An evaluation metric used in this course is perplexity, which seems not to fit with [speech recognition tasks](https://www.researchgate.net/post/What-are-the-performance-measures-in-Speech-recognition) (?).

Some more intuitive explanations towards perplexity:
- https://towardsdatascience.com/evaluation-of-language-models-through-perplexity-and-shannon-visualization-method-9148fbe10bd0
- https://www.cs.cmu.edu/~roni/papers/eval-metrics-bntuw-9802.pdf
- https://www.quora.com/How-does-perplexity-function-in-natural-language-processing?share=1

# Gated Recurrent Units (GRU)

- In simple RNNs hidden state *h* gets updated from unit to unit
- Problematic for long sequences (information loss each step -> vanishing gradients)
- GRUs have additional formulas (gates) to compute to keep relevant information available through all states

## Vanilla & GRU
![simple_rnn_vs_gru.png](img/simple_rnn_vs_gru.png)
[Source](https://www.coursera.org/learn/sequence-models-in-nlp/supplement/t5L3H/gated-recurrent-units)

The symbol $\Gamma$ looking like a 'T' without its left 'arm' is called *gamma* (Greek). It is used for the equations of 'gates' taking care of updates ($\Gamma_u$) & relevance ($\Gamma_r$).

# Testing simple RNNs & GRUs & Scan functions

Following [this](https://www.coursera.org/learn/sequence-models-in-nlp/ungradedLab/jJn3o/vanilla-rnns-grus-and-the-scan-function) lab... Although, I'm wondering why we're calculating hidden states now in a different way than we did it before.

In [15]:
from numpy import random

random.seed(10)                 

emb = 128                       # Embedding size
T = 256                         # Number of variables in the sequences
h_dim = 16                      # Hidden state dimension
h_0 = np.zeros((h_dim, 1))      # Initial hidden state

w1 = random.standard_normal((h_dim, emb+h_dim))
w2 = random.standard_normal((h_dim, emb+h_dim))
w3 = random.standard_normal((h_dim, emb+h_dim))
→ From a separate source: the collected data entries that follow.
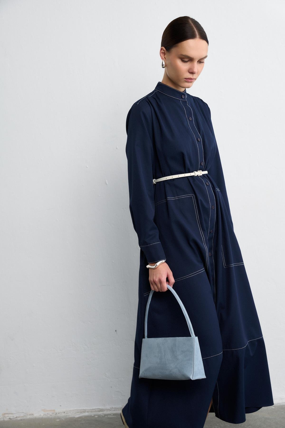 KONTRAST DİKİŞLİ ELBİSE LACİVERT
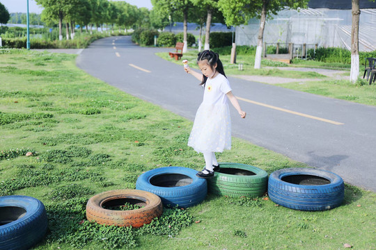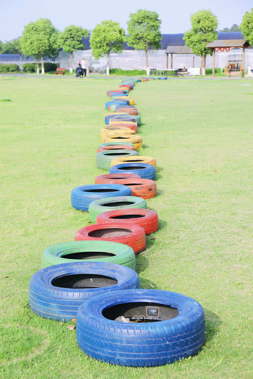 一号农场还有一片超大的绿色草坪,一眼望去,满眼生机勃勃的景象。小朋友可以骑上超酷炫的卡丁车体验一下驰骋的快感,也可以五颜六色的轮胎上跳房子,一排跳下来也是颇费体力的。如果有宠物也可以带过来,一起玩玩闹闹太有意思了。
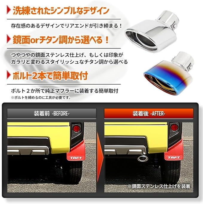 【専用設計で美しいフィット感】 タフト専用に設計されたマフラーカッター。 違和感のない一体感で、純正のような仕上がりを実現。リアビューを上質に演出します。
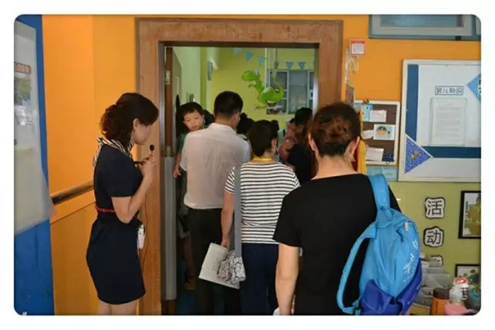 家長、幼兒分為三組,分別佩戴黃色、粉色、藍色參觀證,分別由楊助理、楊主任、彭主任帶領參觀幼兒園環境以及進班級觀察幼兒學習生活情況。
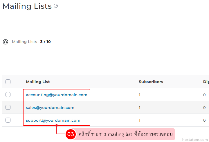 หากต้องการตรวจสอบรายชื่อที่ได้เพิ่มไว้ใน mailing list ให้คลิกที่รายการ mailing list ที่ต้องการตรวจสอบ
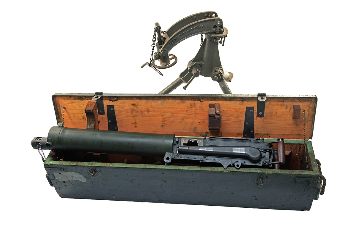 A DEACTIVATED .303 (BRIT.) 'VICKERS' MEDIUM MACHINE GUN WITH TRANSIT CHEST AND TRIPOD, serial no. 8027,
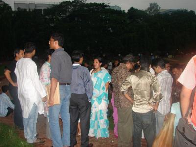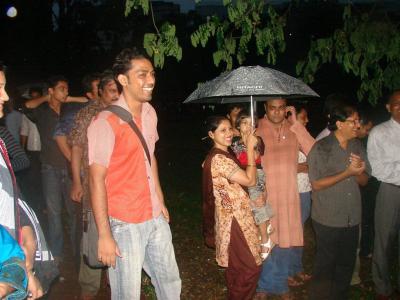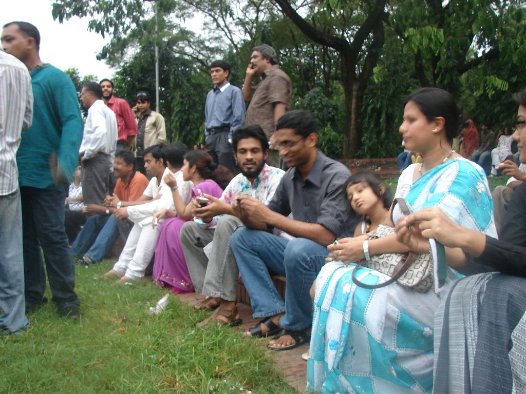 কিন্তু শুক্রবার দুপুরের পর থেকেই আকাশে কালো মেঘের ঘনঘটা আর সাথে আমাদের মনে আড্ডা মিস হওয়ার আশংকা। সাড়ে তিনটা নাগাদ বিড়াল কুকুর বৃষ্টি, ভাবলাম আর বোধ হয় সম্ভব না। ফোন করলাম উদ্যোক্তা রাতমজুরকে। বললেন তিনি তখন ও অফিসে এবং আডআয হাজির না হলে পিঠের ছাল থাকবে না উদ্যোক্তাদের। এরপর ফোন পেলাম নতুন ব্লগার সবার প্রিয় এর ফোন সে আসতে চায় কিন্তু বৃষ্টিতে ভয় পাচ্ছে তাকে সরাসরি জানানো হলো বৃষ্টি হোক আর যাই হোক আড্ডা হবে। তার ফোন রাখতে না রাখতেই ব্লগের ল্যাঞ্জাছাড়া বান্দর 'কাব্য' এর ফোন পেলাম, সে বৃষ্টির দোহাই দিয়ে আড্ডা স্কিপ করতে চায়, তাকে আসার জন্য বিশেষ ভাবে আমন্ত্রণ জানানো হলো। এরপর পেলাম গোয়েবলস এর ফোন। সে আসতে আগ্রহ প্রকাশ করল এবং তাকে আসার আমন্ত্রণ ও জানানো হলো। সাড়ে চারটার দিকে গুড়িগুড়ি বৃষ্টি নিয়ে রওনা হলাম রবীন্দ্রসরোবরের দিকে। পৌছে দেখি আমার আগেই পৌছেছেন অনেকেই। যাদের মধ্যে শ্রাবণ সন্ধ্যা আপু ও স্বর্গের প্রজাপতি (আপুর মেয়ে জাফনা), অমাবশ্যার চাদ এবং ভোরের তারা, শামীম (খাদ্য মন্ত্রী), রাতমজুর (স্বীকৃত চাঁদাবাজ), মিল্টন ভাই (৩৫ বছর বয়সে যিনি স্থির) সহ আর ও অনেকে।

b1 = random.standard_normal((h_dim, 1))
b2 = random.standard_normal((h_dim, 1))
b3 = random.standard_normal((h_dim, 1))

X = random.standard_normal((T, emb, 1))

weights = [w1, w2, w3, b1, b2, b3]

In [16]:
def forward_V_RNN(inputs, weights):
    x, h_t = inputs
    wh, _, _, bh, _, _ = weights

    # Returning new hidden state only
    h_t = sigmoid(np.dot(wh, np.concatenate([h_t, x])) + bh)
    
    return h_t, h_t

In [17]:
def forward_GRU(inputs, weights): # Forward propagation for a single GRU cell
    x, h_t = inputs
    wu, wr, wc, bu, br, bc = weights

    # Update gate
    u = sigmoid(np.dot(wu, np.concatenate([h_t, x])) + bu)
    
    # Relevance gate
    r = sigmoid(np.dot(wr, np.concatenate([h_t, x])) + br)

    
    # Candidate hidden state 
    c = np.dot(wc, np.concatenate([r * h_t, x])) + bc
    c = np.tanh(c)
    
    # Returning new hidden state only
    h_t = u * c + (1 - u) * h_t
    
    return h_t, h_t

In [18]:
def scan(fn, elems, weights, h_0=None):
    h_t = h_0
    ys = []
    
    for x in elems:
        y, h_t = fn([x, h_t], weights)
        ys.append(y)
    
    return ys, h_t

In [19]:
%timeit scan(forward_V_RNN, X, weights, h_0)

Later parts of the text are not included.